- THE TASK
Pictures aside, repeat the whole listing word for word.

:: INFORMATION PROVIDED ::

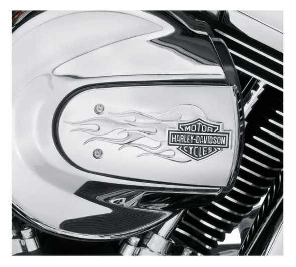 Harley-Davidson® Bar & Shield Flames Air Cleaner Trim, 61300221. Fits ’16-later Softail® (except FLSTFBS) and 14-later Touring and Trike models with Original Equipment air cleaner cover. Does not fit CVO™ models. Ever since they began emerging on gas tanks a few decades ago, flames have been a symbol of custom styling. Harley-Davidson® continues the tradition with these easy to install air cleaner inserts. These highly detailed chrome inserts reflect your burning desire to ride. Chrome flames surrounding the Harley-Davidson® Bar & Shield graphic. Includes chrome-plated stainless steel mounting hardware. 1 year limited warranty. 61300221
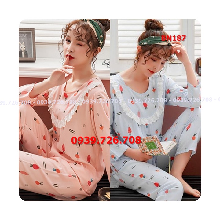 Bộ ngủ cotton lụa quần dài tay dài có bèo chất mịn mát
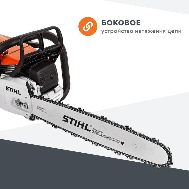 Регулировать натяжение цепи без контакта с острыми зубьями позволяет продуманный боковой натяжитель. Прочная конструкция и качественные материалы делают эту бензопилу надежным инструментом для профессионального использования.
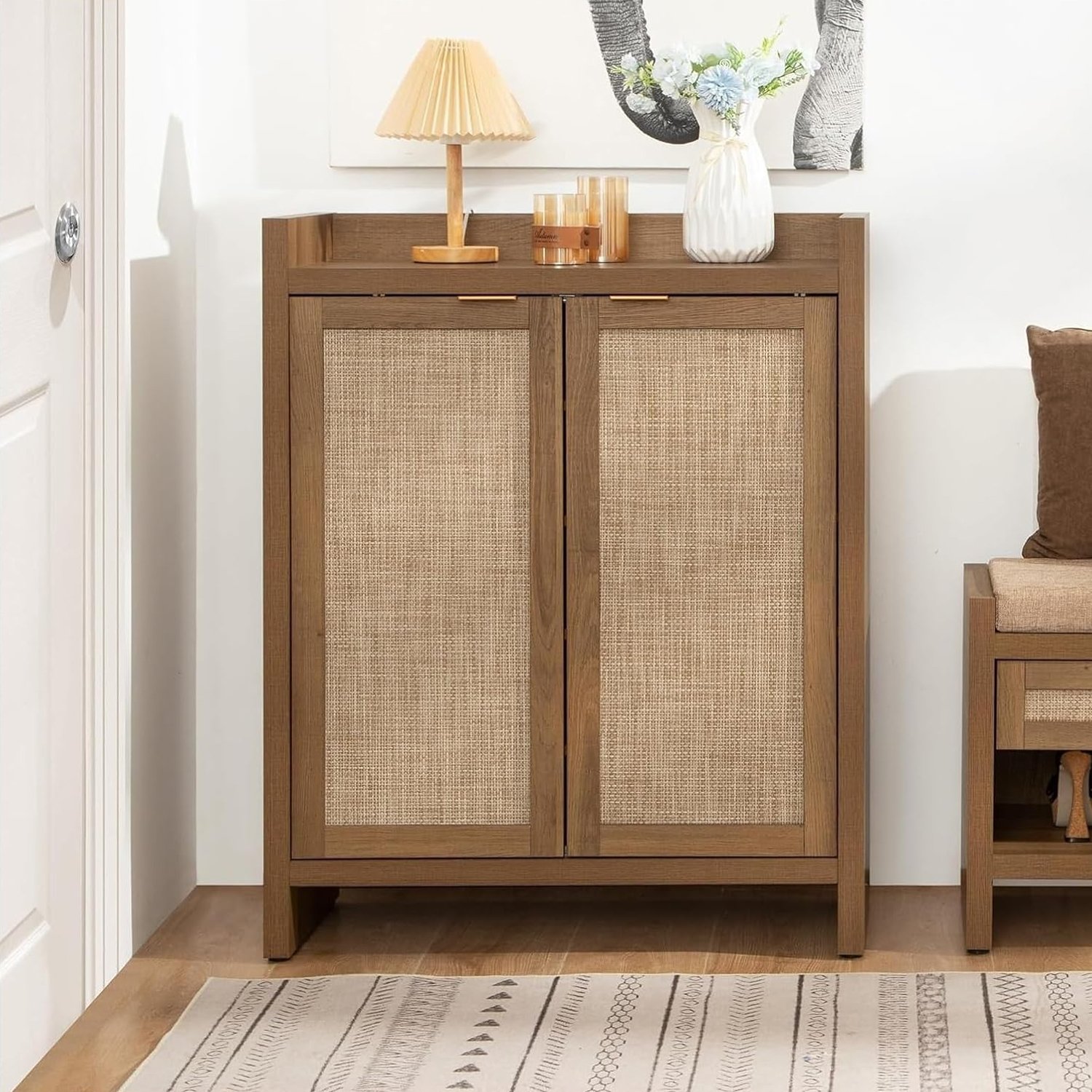 Mid-Century Modern Rattan Door Shoe Cabinet – Chic Entryway Storage for Tidy Home-JMJ-S003

:::

- SOLUTION FOR THIS EXERCISE
 Harley-Davidson® Bar & Shield Flames Air Cleaner Trim, 61300221. Fits ’16-later Softail® (except FLSTFBS) and 14-later Touring and Trike models with Original Equipment air cleaner cover. Does not fit CVO™ models. Ever since they began emerging on gas tanks a few decades ago, flames have been a symbol of custom styling. Harley-Davidson® continues the tradition with these easy to install air cleaner inserts. These highly detailed chrome inserts reflect your burning desire to ride. Chrome flames surrounding the Harley-Davidson® Bar & Shield graphic. Includes chrome-plated stainless steel mounting hardware. 1 year limited warranty. 61300221
 Bộ ngủ cotton lụa quần dài tay dài có bèo chất mịn mát
 Регулировать натяжение цепи без контакта с острыми зубьями позволяет продуманный боковой натяжитель. Прочная конструкция и качественные материалы делают эту бензопилу надежным инструментом для профессионального использования.
 Mid-Century Modern Rattan Door Shoe Cabinet – Chic Entryway Storage for Tidy Home-JMJ-S003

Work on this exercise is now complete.